The Wikipedia article on the Sierpinski carpet fractal says that it is compact, connected and locally connected.
It is clear from the construction that the Sierpinski carpet is closed and bounded in $\mathbb{R}^2$, hence it is compact. However, I don't see any reason for it to be connected and locally connected. I'm not necessarily asking for a rigorous proof; I'd be happy to see at least some kind of idea which would make me believe it is true.
If you look closely at the construction of Sierpiński carpet, you will notice that given a rational $q=\frac{m}{3^n}$ we have that both $(q,r)$ and $(s,q)$ belong to the Sierpiński carpet, for any $r,s\in [0,1]$. Meaning both $X$ and $Y$ cross sections at rationals with $3^n$ in denominator are full intervals.
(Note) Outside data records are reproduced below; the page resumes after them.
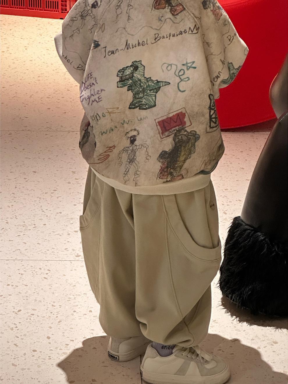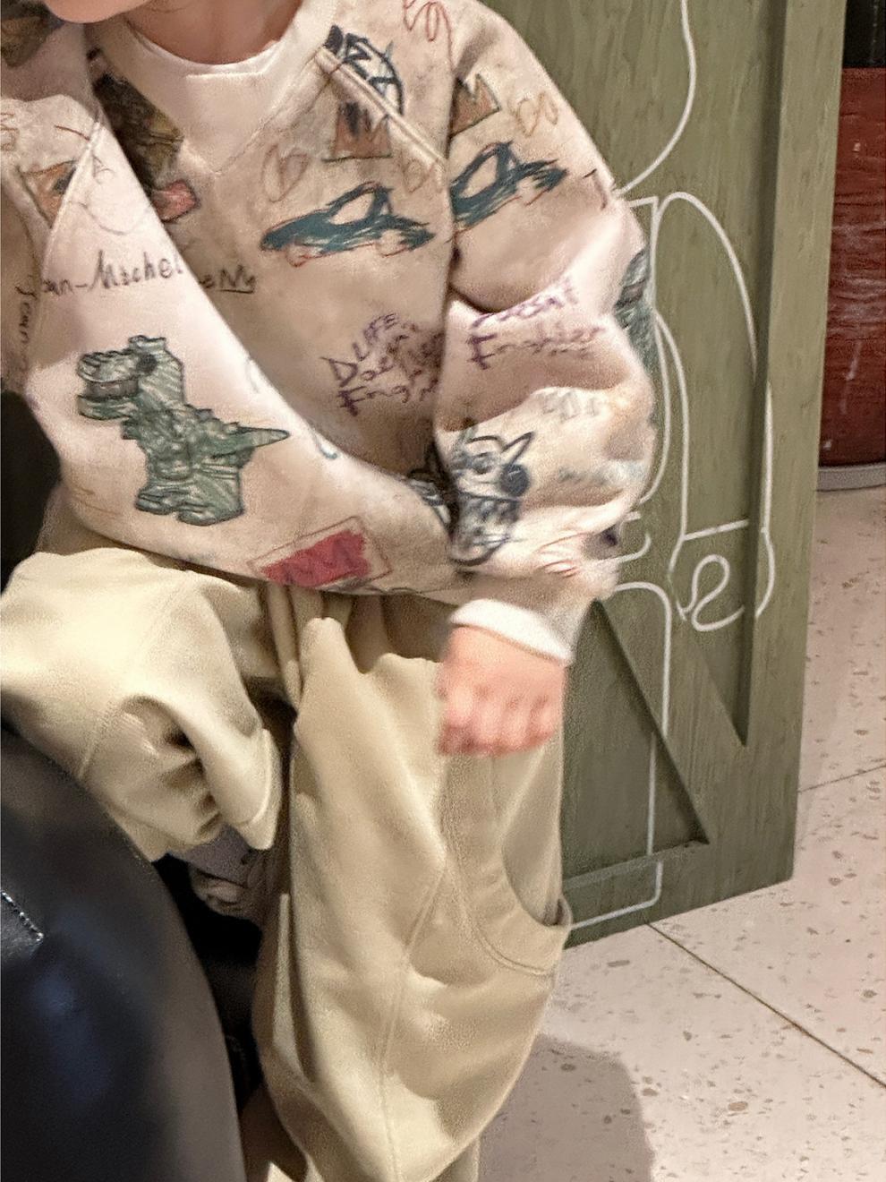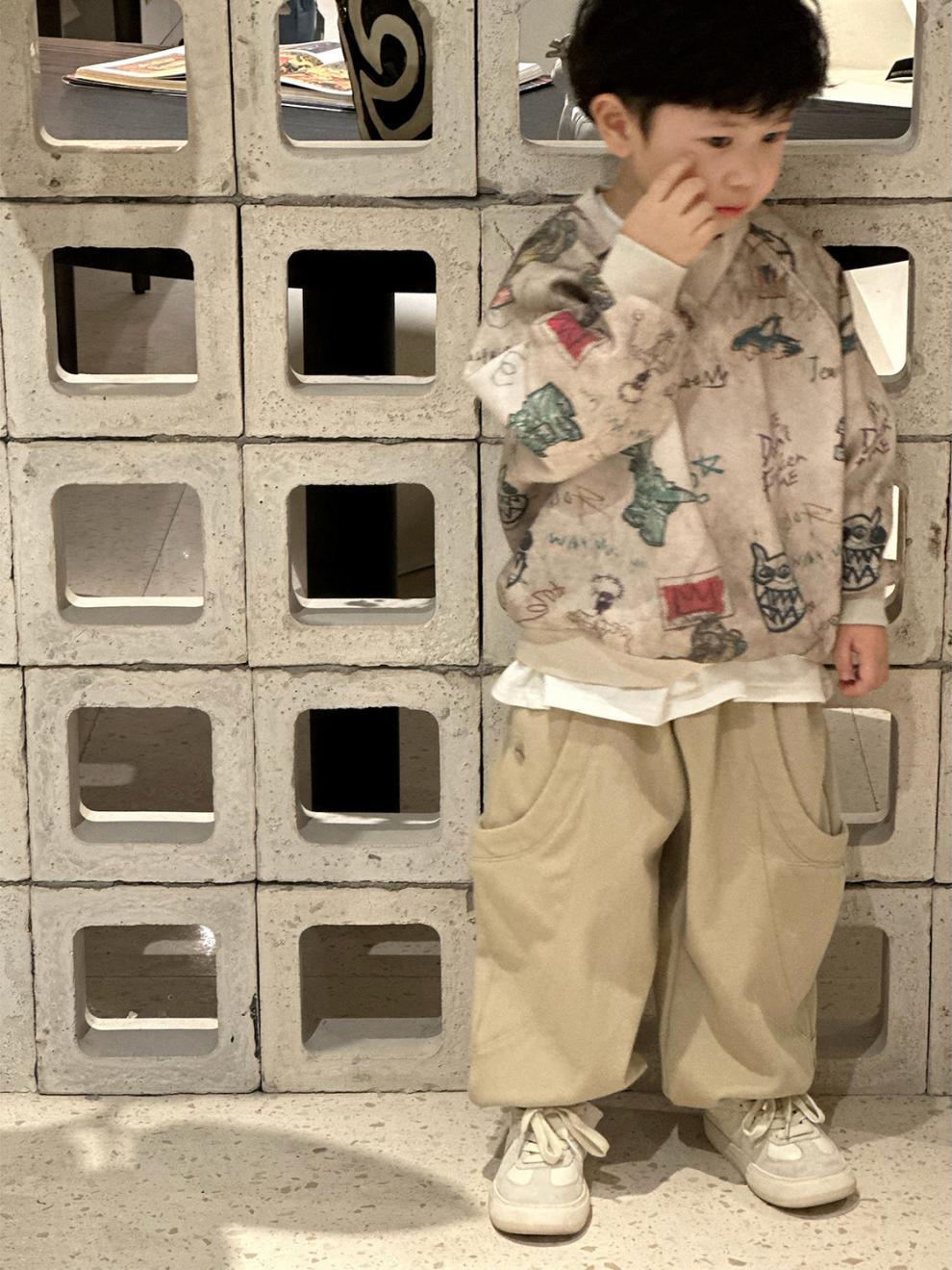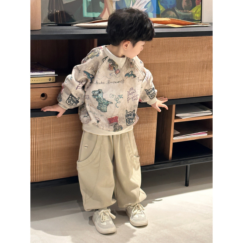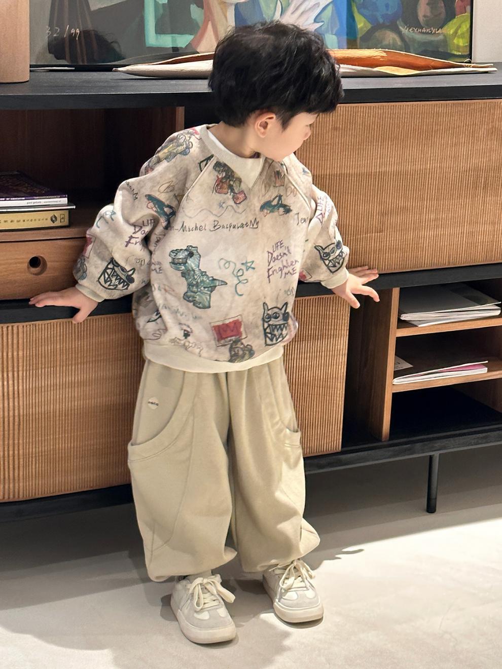 한국 아동복 2024 가을 새로운 디지털 공룡 타이 염료 풀오버 조끼 어린이 살구색 바지 투피스 세트스토어 가기
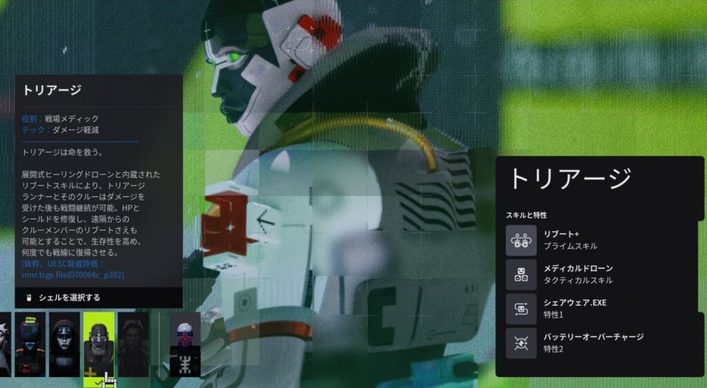 トリアージはPT向けの特性を持っていますが、十分ソロでも活用できるスキルを持っていてお勧めできるランナーシェルです。
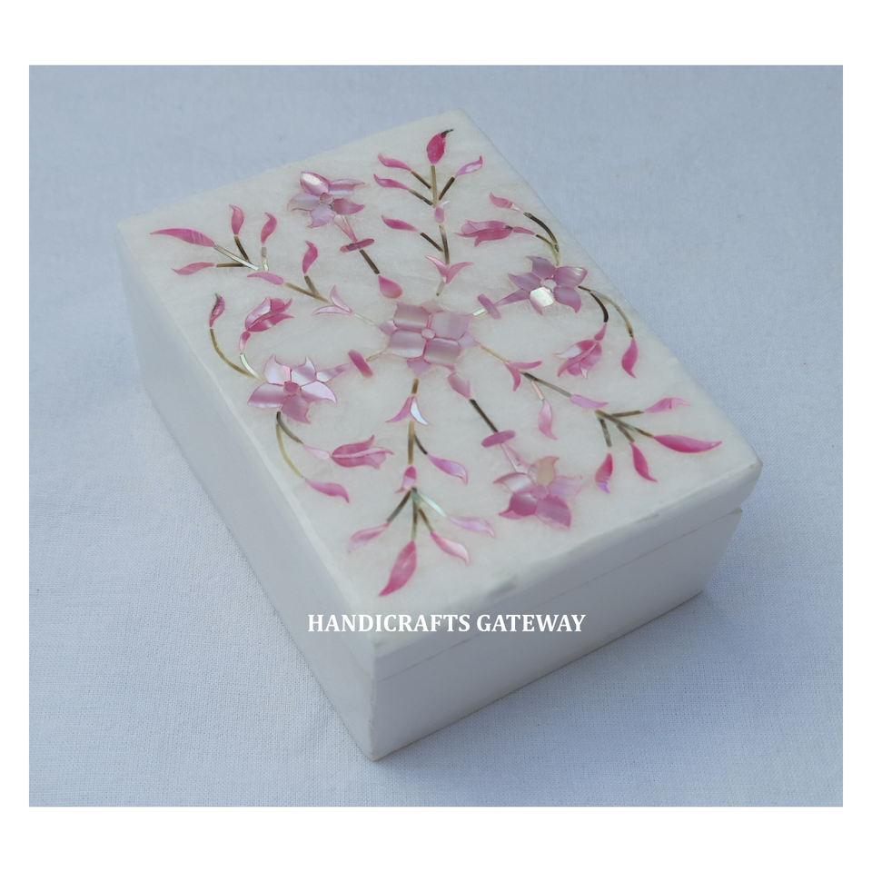 กล่องเครื่องประดับมุกฝังหินอ่อนสีขาวแฮนด์เมดใหม่ล่าสุดล่าสุดกล่องเครื่องประดับมุกฝังหินอ่อนสีชมพูสำหรับของขวัญแต่งงานและของตกแต่งงานปาร์ตี้
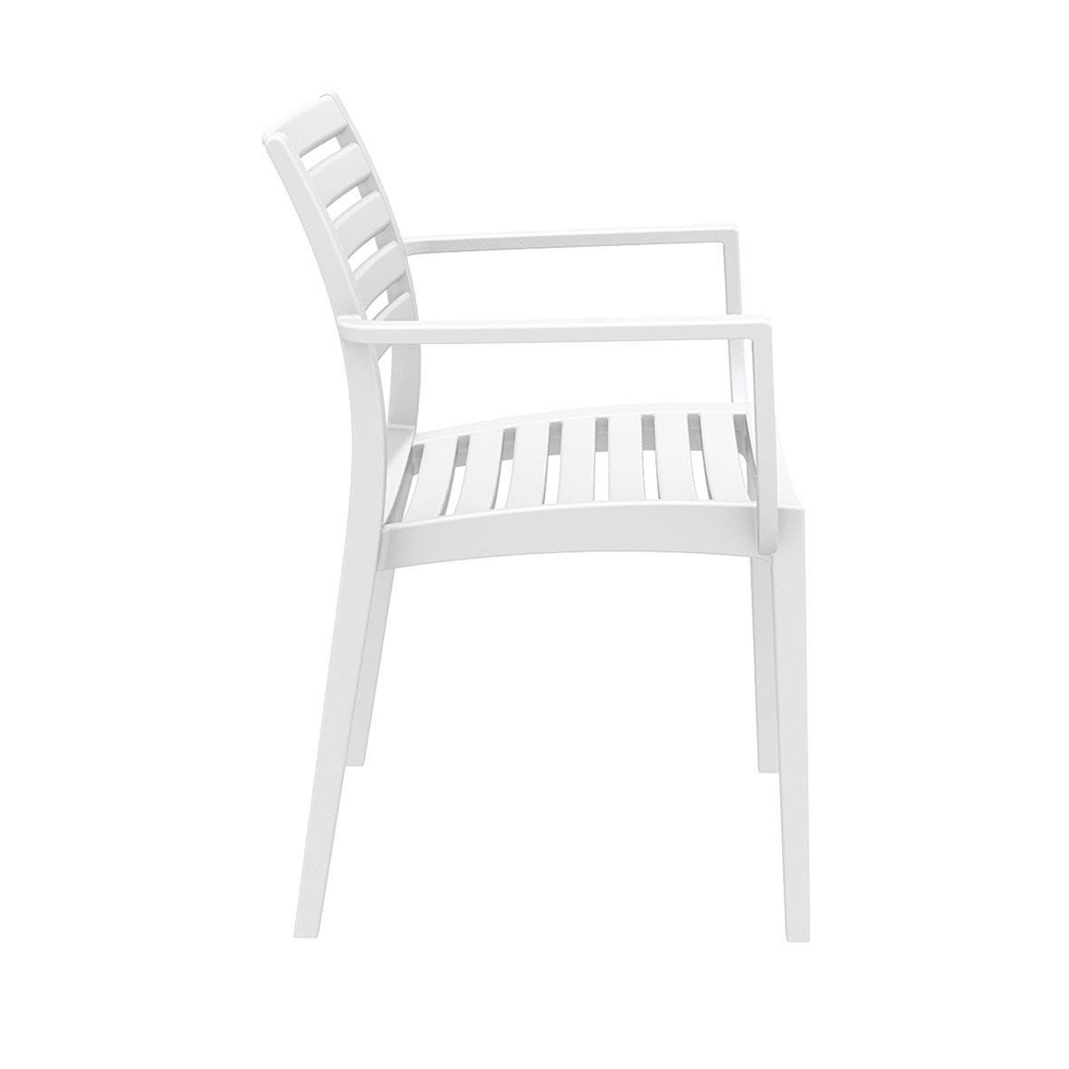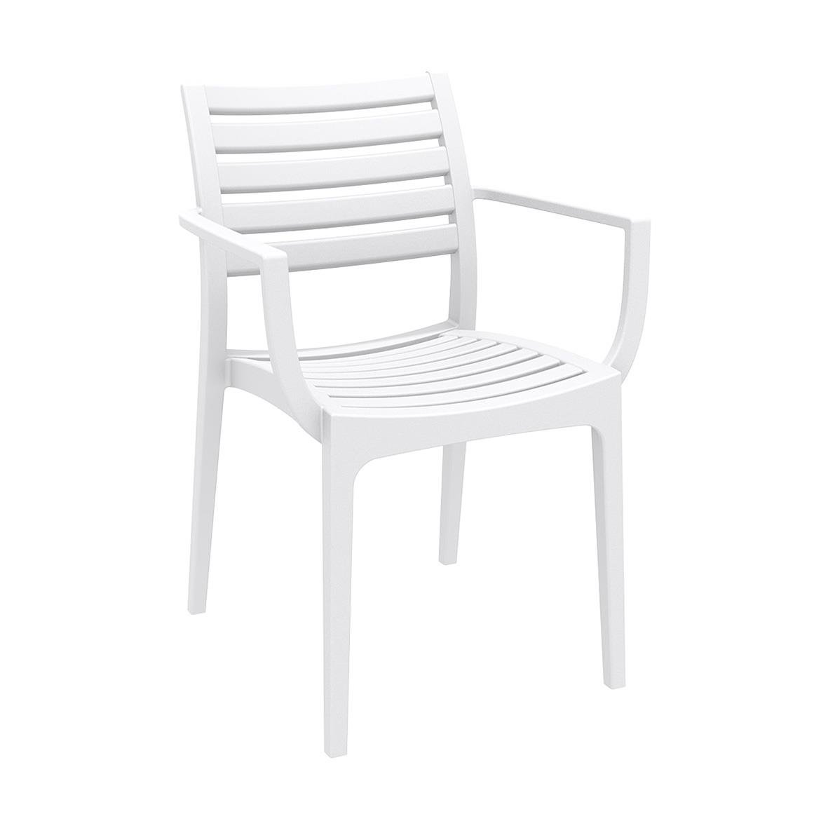 Stol Artemis Stapelbar med Armstöd Vit kombinerar modern och klassisk design i en stapelbar stol med armstöd, framtagen för både inomhus- och utomhusbruk. Målet med stolen var att skapa en högkvalitativ och lättmöblerad stol som fungerar i de flesta miljö

And this means that any two such points can be connected by a path: (at most) two straight lines. Furthermore those points are dense in the carpet. So given a sequence of those points $v_n$ convergent to some point $v$ we can glue paths between $v_{n-1}$ and $v_n$ to obtain a path from $v_0$ to $v$. In general such construction does not have to yield a continuous path. However in this case it works, because we glue concrete paths: those two straight lines. Such path has the important property that the closer points are to each other the smaller the path is (meaning contained in a smaller ball). And this is enough to conclude that such construction gives a continuous path.
And so the carpet is even path connected. Similar argument works for local (path) connectedness.